Last night The History Channel screened the first episode of the apparently controversial four-part drama The Kennedys (with Katie Holmes and Greg Kinnear playing the presedential couple). I don’t have The History Channel so will have to wait until it comes to BBC2 later this spring, but I am definitely interested in watching it. This is partly because I’m not a big fan of Katie Holmes and was admittedly surprised she was cast in such an iconic role as Jackie Kennedy, but now am curious to see if she pulls it off. But mostly my curiosity lies in the controversy it has caused Stateside – and the fact that it almost didn’t air.

Having such an idolised president depicted (so I hear) as an aphetamine-popping womaniser, well, it’s bound to kick up a few comments from hard-core patriots… but surely that picture isn’t news to us. And as for the real issue of ‘historical innacuracy’ (with particular contention revolving around the series featuring conversations with JFK in the Oval office that apparently never happened), surely we have come to accept that dramas must allow for creative licence. Films and dramas are not documentaries. Admittedly, one can argue that screening the mini-series on The History Channel does grant the drama a certain historical stamp of approval (and the reason why The History Channel in the US felt compelled to drop the series following such controversy), but no other big American TV network picked it up either. It has ended up being broadcast on the obscure ReelzChannel (?!).

By now we are used to seeing US politicians and politics in a less than favourable light, and we are used to controversial pictures that may or may not be blurring the line between fiction, biased opinion and fact.

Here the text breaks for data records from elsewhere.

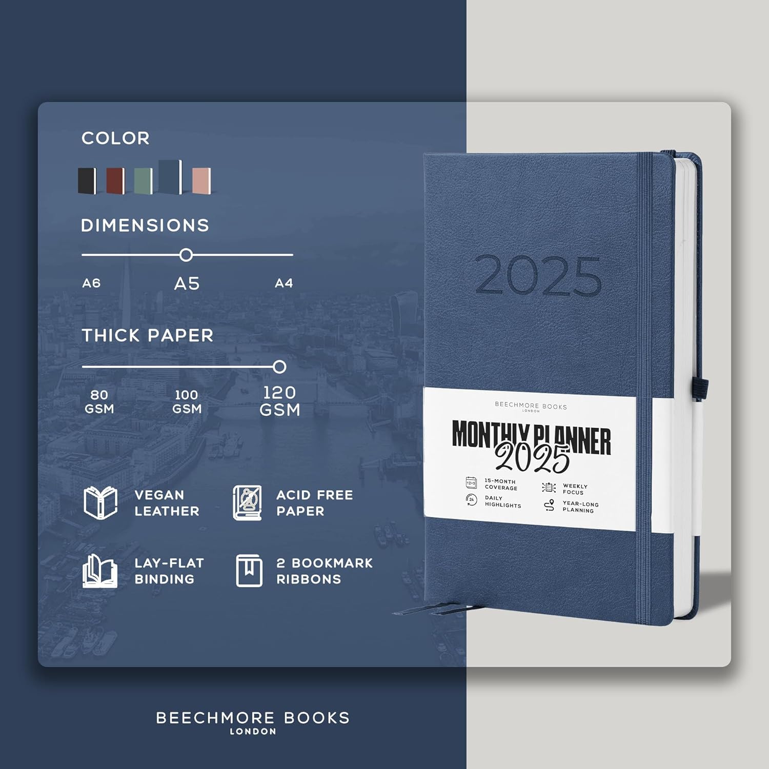 Wish you could keep track of your goals, appointments, and to-do lists all in one place? Academic planners are an essential tool for anyone striving to stay organized and productive. Beyond professionals and students, it’s also perfect for busy individuals juggling family schedules, entrepreneurs managing projects, or anyone who values mindful planning. Imagine the effortless satisfaction of working with a premium grid-lined notebook, where luxurious, thick paper prevents ink bleed, ghosting, or smudging, keeping every line crisp and professional. The precise grid layout ensures flawless alignment, transforming your ideas into a masterpiece of clarity and elegance. Make your life more organized and stress-free with the Beechmore Books A5 Monthly Planner. Our A5 goal tracker planner, beautifully bound in vegan leather, is designed for those who value structure and style. With 160 pages of thick 120gsm cream paper, this travel organizer ensures no ink bleed, ghosting, or shading, giving you a smooth writing experience every time. Our portable productivity tool includes a full-year overview (15-month coverage), double-page spreads for each week, and ample space for daily entries, to-do lists, appointments, and goal-setting. The thoughtful layout helps you manage tasks, plan ahead, and track progress with so much ease. Sophisticated Design: Elegant vegan leather cover adds a touch of luxury. Perfectly Portable: Compact 8.3 x 5.8″ size fits seamlessly into your daily routine. Highly Versatile: Ideal for professionals, students, and multitaskers. Goal-Oriented Focus: Keeps you organized and aligned with your daily objectives. Here are more reasons to love our 2025 planner: – Comes in a signature gift box – Suitable for men and women – Offered in a variety of colors Make 2025 your most productive year. Add the Beechmore Books A5 Monthly Planner to your cart NOW!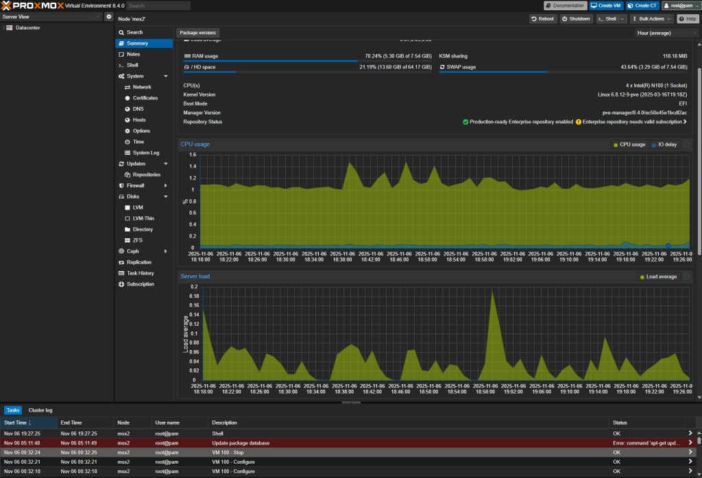 Proxmox VE also excels in storage flexibility, supporting ZFS, Ceph, LVM, iSCSI, and NFS, with advanced features such as live migration, snapshots, and replication. Its ZFS integration provides data integrity, compression, and built-in redundancy, making it ideal for both home labs and enterprise environments.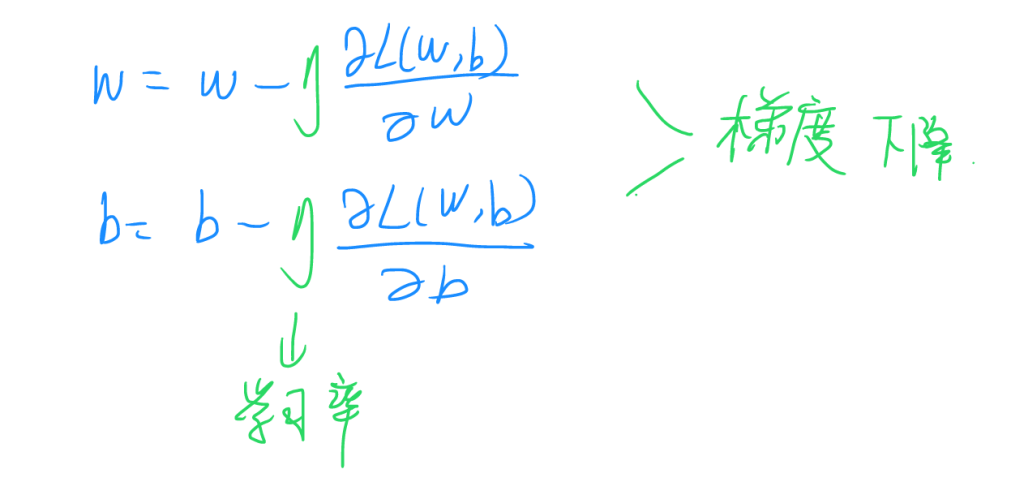 为了方便计算机计算,此处将求解式写成迭代形式,参数η为学习率,使得整个式子往梯度下降的方向调整,能够加速收敛,即可大大加快训练过程。

We’ve even learned to take many newspaper headlines with a pinch of salt. So really, why all the fuss? Was there this much objection to Oliver Stone’s W.? Do the Kennedy’s still retain this much of an aura about them that it’s inconceivable to bring them down from their pedestal? For a country that stands for Freedom of Speech, it seems it’s more a question of Freedom of Speech (But Only If We Really Like What You’re Saying…)

If anyone caught the first episode I’d love to hear your comments.